Multicultural Affairs, a unit of Undergraduate Student Life that serves Columbia College and Columbia Engineering students, is pleased to announce that on Tuesday, February 18, the Multicultural Affairs space in 505 Lerner will be renamed the Audre Lorde Community Space.
Inspired by Audre Lorde LS’60’s life and legacy, the space will establish a home for identity-conscious community building. This marks the first time in which a space on the University’s Morningside Heights campus has been named after a Black woman.
“Audre Lorde was foundational in articulating intersections of race, class and gender, and spent her life confronting and addressing injustices in these realms. Her work continues to resonate, inspire and challenge us to work as a collective towards racial and social justice,” said Cristen Scully Kromm, dean of Undergraduate Student Life. “We are thrilled her family was supportive of our ask to honor her legacy by naming this community space, and hope that her legacy will inspire our students and all those who enter the new Audre Lorde Community Space.”
Lorde — a graduate of Columbia’s School of Library Science (which closed in 1992) — was a self-described “black, lesbian, mother, warrior, poet.” Born in New York City to West Indian immigrant parents, Lorde found poetry early and had her first poem published in Seventeen magazine while a student at Hunter College High School. Throughout the 1960s she was a librarian in New York City public schools, and went on to be a professor of English at John Jay College and Hunter College as well as poet laureate of New York State (1991–92).*
According to Poetry Foundation, “her work was central to many liberation movements and activist circles, including second-wave feminism, civil rights and Black cultural movements, and struggles for GLBQT equality. In particular, Lorde’s poetry is known for the power of its call for social and racial justice, as well as its depictions of queer experience and sexuality.”
Multicultural Affairs, which celebrates its 15th anniversary this year, chose to name its space in Lorde’s honor after sourcing inspirational figures from students. While many names were suggested, the conversations kept returning to Audre Lorde. “In all of the different iterations, it just kept coming back to Audre Lorde,” said Melinda Aquino, dean of Multicultural Affairs. “So it became a clear choice from almost the get-go.”
Along with the main space’s name, two adjoining conference rooms will also be renamed — one as the Community Room and the other as the Liberation Room — in honor of the ways in which Lorde has inspired Columbia’s community.
“What we hope is not only just to center Audre Lorde and the spirit of her work of intersectionality in what we do with students and how we work with our University partners in supporting students,” said Aquino, “but that it also serves as a reminder that, in thinking about both smaller communities and the larger community, we need to have intentional spaces to think about where it has been difficult to come together — particularly around identity. The hope is that we will really be able to think both institutionally and personally: what is our obligation in order for each one of us to be able to find liberation?”

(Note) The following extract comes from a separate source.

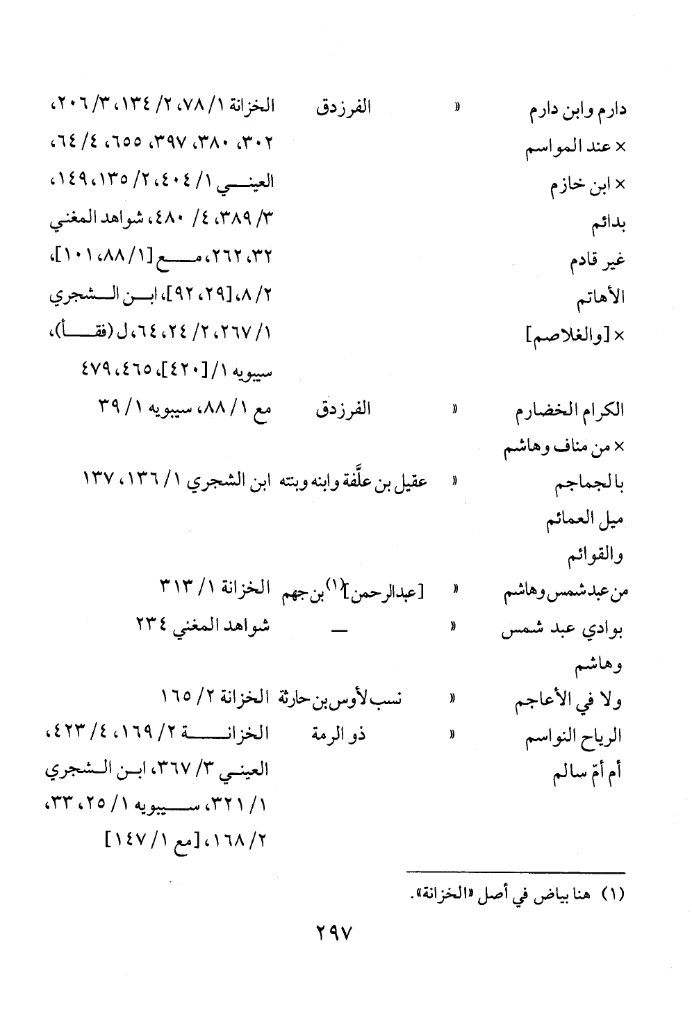 دارم وابن دارم × عند المواسم × ابن خازم بدائم غير قادم الأهاتم × [والغلاصم] « الفرزدق الخزانة ١/ ٧٨، ٢/ ١٣٤، ٣/ ٢٠٦، ٣٠٢، ٣٨٠، ٣٩٧، ٦٥٥، ٤/ ٦٤، العيني ١/ ٤٠٤، ٢/ ١٣٥، ١٤٩، ٣/ ٣٨٩، ٤/ ٤٨٠، شواهد المغني ٣٢، ٢٦٢، مع [١/ ٨٨، ١٠١]، ٢/ ٨، [٢٩، ٩٢]، ابن الشجري ١/ ٢٦٧، ٢/ ٢٤، ٦٤، ل (فقأ)، سيبويه ١/ [٤٢٠]، ٤٦٥، ٤٧٩ الكرام الخضارم × من مناف وهاشم « الفرزدق مع ١/ ٨٨، سيبويه ١/ ٣٩ بالجماجمميل العمائم والقوائم « عقيل بن علَّفة وابنه وبنته ابن الشجري ١/ ١٣٦، ١٣٧ من عبد شمس وهاشم « [عبد الرحمن] (¬١) بن جهم الخزانة ١/ ٣١٣بوادي عبد شمس وهاشم « ــ شواهد المغني ٢٣٤ولا في الأعاجم « نسب لأوس بن حارثة الخزانة ٢/ ١٦٥الرياح النواسم أم أمّ سالم « ذو الرمة الخزانة ٢/ ١٦٩، ٤/ ٤٢٣، العيني ٣/ ٣٦٧، ابن الشجري ١/ ٣٢١، سيبويه ١/ ٢٥، ٣٣، ٢/ ١٦٨، [مع ١/ ١٤٧]
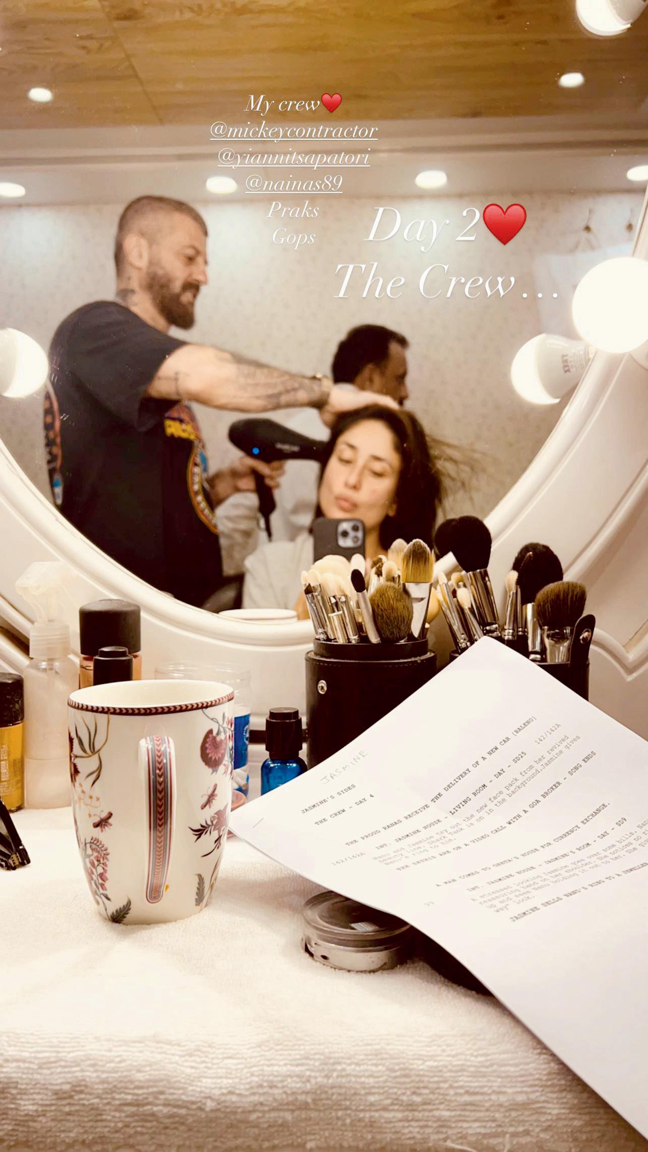 કરીના કપૂર ખાને હાલમાં જ ‘ધ ક્રૂ’નું શૂટિંગ શરૂ કરી દીધું છે. તેણે મેકઅપ રૂમમાંથી પોતાનો ફોટો શૅર કર્યો છે. ફોટોમાં તે મિરરની સામે બેઠી છે અને હેરસ્ટાઇલિસ્ટ તેના વાળને સ્પેશ્યલ લુક આપી રહ્યો છે. તેના ટેબલ પર કૉફી મગ અને સ્ક્રિપ્ટ દેખાય છે. આ ફિલ્મને રાજેશ ક્રિષ્નન ડિરેક્ટ કરી રહ્યો છે અને એકતા કપૂરે અને અનિલ કપૂરની દીકરી રિયા કપૂરે પ્રોડ્યુસ કરી છે. આ ફિલ્મમાં કરીનાની સાથે તબુ અને ક્રિતી સૅનન લીડ રોલમાં દેખાશે. મેકઅપ રૂમમાંથી પોતાનો ફોટો ઇન્સ્ટાસ્ટોરી પર શૅર કરીને કરીનાએ કૅપ્શન આપી હતી, ‘ધ ક્રૂ’નો બીજો દિવસ.

The ceremony to honor the space’s naming will take place in 555 Lerner, with an introduction to Lorde’s work by students from P.S. 163 as well as speeches by Lorde’s daughter, Dr. Elizabeth Lorde-Rollins PS’93; by Mignon Moore CC’92, professor of sociology and chair of the department at Barnard College; and by current Columbia students. The ceremony will conclude with a plaque unveiling. Attendees will be invited to a reception in the Audre Lorde Community Space immediately after the ceremony. This ceremony will also kick off Audre Lorde Week, a series of events for College and Engineering students that honor Lorde’s legacy.